*** DATA LISTING

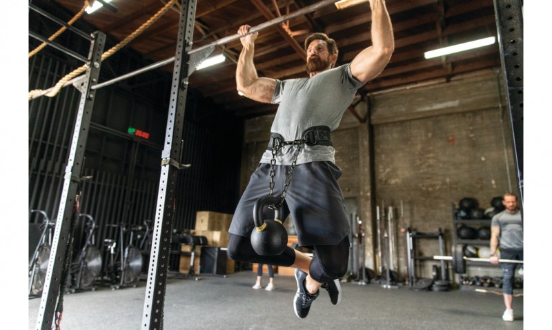 • Features an extended 34" steel chain and carabiner mechanism to easily add weight for chin-ups and dips
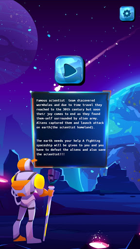 Famous scientist team discovered wormholes and due to time travel they reached to the 30th century but soon their joy comes to end as they found them-self surrounded by alien army. Aliens captured them and launch attack on earth(the scientist homeland). We need your help as alien launch attack on Our galaxy. Their space shooter are coming to destroy all galactica . Please take the ship and save galaxy from alien Space shooter.
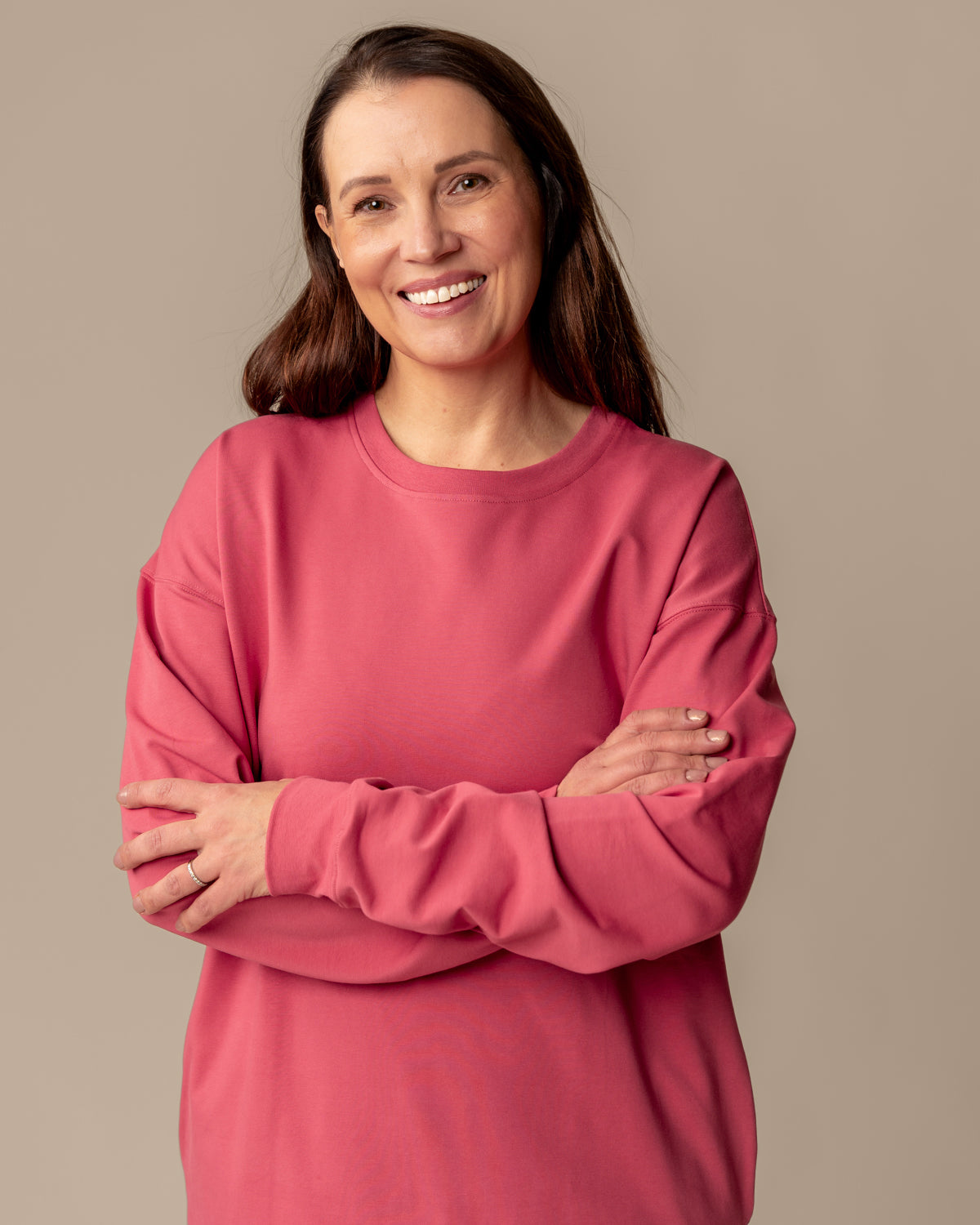 Ihanan pehmeä collegemekko, jonka voit yhdistää rennosti leggingseihin ja tennareihin, tai halutessasi sukkiksiin ja saappaisiin. Toiveen collegemekko on pehmeä ja joustava ja ylettyy suunnilleen polven kohdalle 165cm pitkällä ihmisellä.
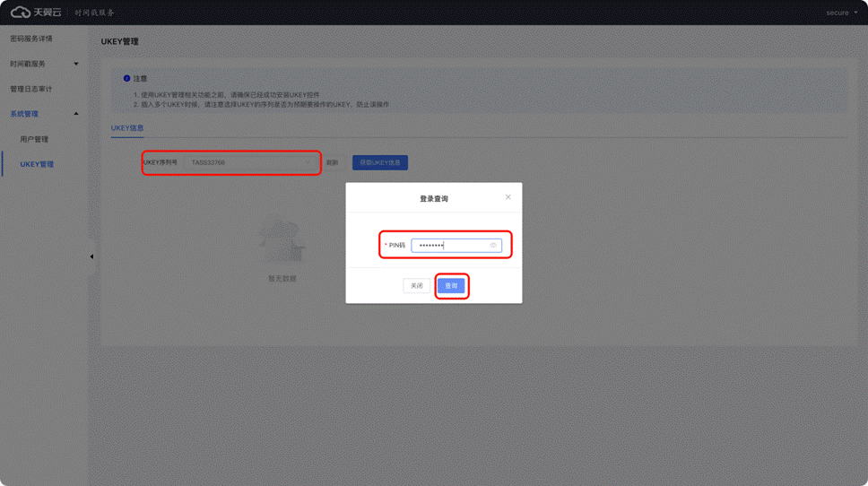 进入UKEY管理界面后,选择对应的UKEY并输入PIN码,点击查询即可获取到对应的UKEY信息(在进行UKEy信息查询前需要先安装对应版本的UKEY控件和插入对应版本的UKEY)
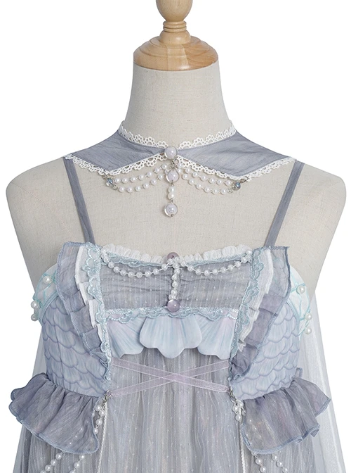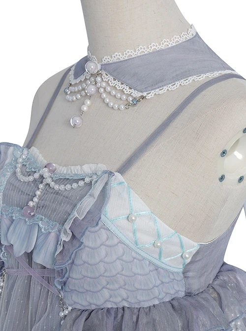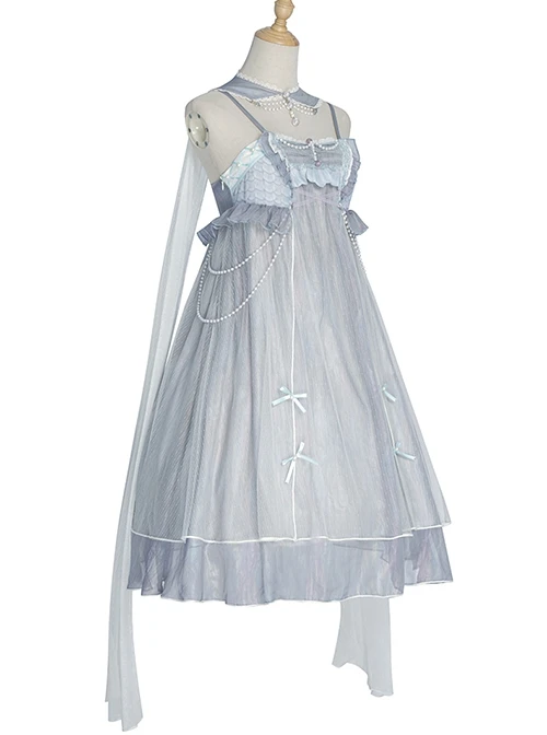 Fish scale pattern printing, three-dimensional fishtail shape on the chest, pearl chain decoration, bowknot on the skirt, elegant and elegant.
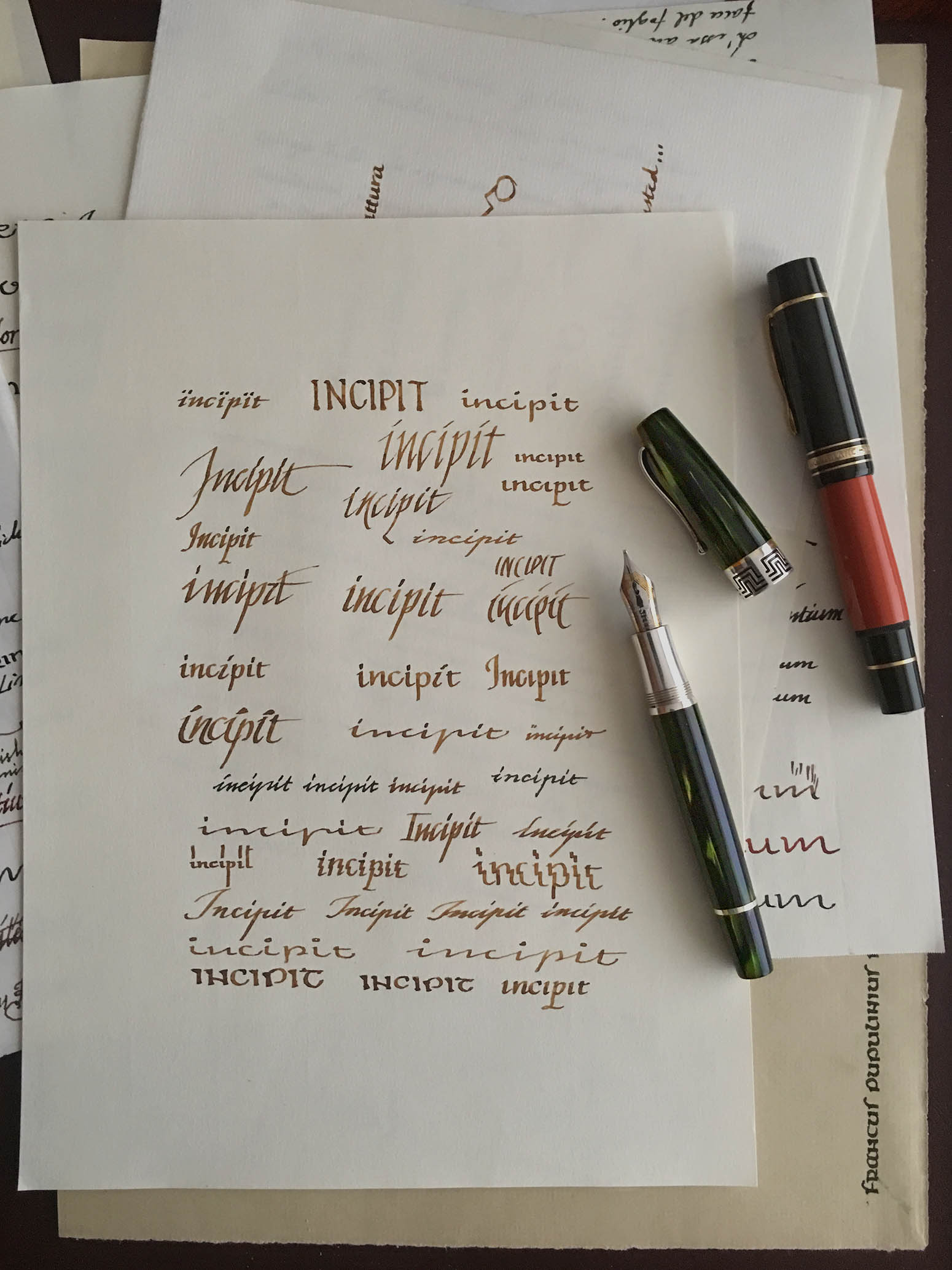In questo caso, null'altro che una pagina di "incipit" in grande libertà, usando il pennino stub della mia Montegrappa 1930 Extra Acque del Sile, con appena un pizzico di Montblanc Hemingway in extra-fine.

******

§ INSTRUCTIONS TO FOLLOW
The answer must be an exact copy of the lines from the start of the records above through the line containing "Fish scale pattern", with no pictures in it.

§ TASK SOLUTION
 • Features an extended 34" steel chain and carabiner mechanism to easily add weight for chin-ups and dips
 Famous scientist team discovered wormholes and due to time travel they reached to the 30th century but soon their joy comes to end as they found them-self surrounded by alien army. Aliens captured them and launch attack on earth(the scientist homeland). We need your help as alien launch attack on Our galaxy. Their space shooter are coming to destroy all galactica . Please take the ship and save galaxy from alien Space shooter.
 Ihanan pehmeä collegemekko, jonka voit yhdistää rennosti leggingseihin ja tennareihin, tai halutessasi sukkiksiin ja saappaisiin. Toiveen collegemekko on pehmeä ja joustava ja ylettyy suunnilleen polven kohdalle 165cm pitkällä ihmisellä.
 进入UKEY管理界面后,选择对应的UKEY并输入PIN码,点击查询即可获取到对应的UKEY信息(在进行UKEy信息查询前需要先安装对应版本的UKEY控件和插入对应版本的UKEY)
 Fish scale pattern printing, three-dimensional fishtail shape on the chest, pearl chain decoration, bowknot on the skirt, elegant and elegant.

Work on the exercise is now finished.